* What to work on: None of the pictures should be copied, though every line of the listing must be printed exactly.

* Data section:
= Beginning of Section =

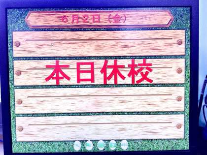 6/2(金)本日 休校 公開日 2023/06/02 更新日 2023/06/02 お知らせ 昨日、学校HPやきずなネットでお知らせをいたしました通り、本日、災害級の大雨が予想されていることから、豊田市内の小・中・特別支援学校においては、本日6月2日(金)は臨時休校となりました。 本校においても休校です。
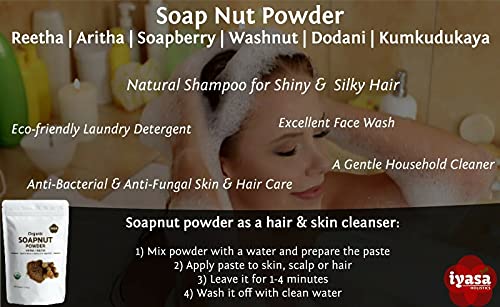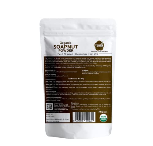 Organic Soapnut Powder, 16oz Bulk Pack, Aritha, Reetha,Sapindus Mukorossi,Natural Skin & Hair Cleanser Shampoo & Conditioner,Laundry Dish Detergent, Households Cleaner
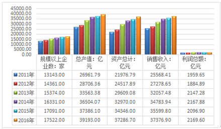 2016年我国专用设备制造行业规模总资产达到37286.70亿元,较上年同期增长8.56%。行业销售收入为37376.90亿元,较上年同期增长4.99%。2016年行业利润总额为2169.60亿元,较上年同期增长3.47%。

= End of Section =

* Result for this exercise:
 6/2(金)本日 休校 公開日 2023/06/02 更新日 2023/06/02 お知らせ 昨日、学校HPやきずなネットでお知らせをいたしました通り、本日、災害級の大雨が予想されていることから、豊田市内の小・中・特別支援学校においては、本日6月2日(金)は臨時休校となりました。 本校においても休校です。
 Organic Soapnut Powder, 16oz Bulk Pack, Aritha, Reetha,Sapindus Mukorossi,Natural Skin & Hair Cleanser Shampoo & Conditioner,Laundry Dish Detergent, Households Cleaner
 2016年我国专用设备制造行业规模总资产达到37286.70亿元,较上年同期增长8.56%。行业销售收入为37376.90亿元,较上年同期增长4.99%。2016年行业利润总额为2169.60亿元,较上年同期增长3.47%。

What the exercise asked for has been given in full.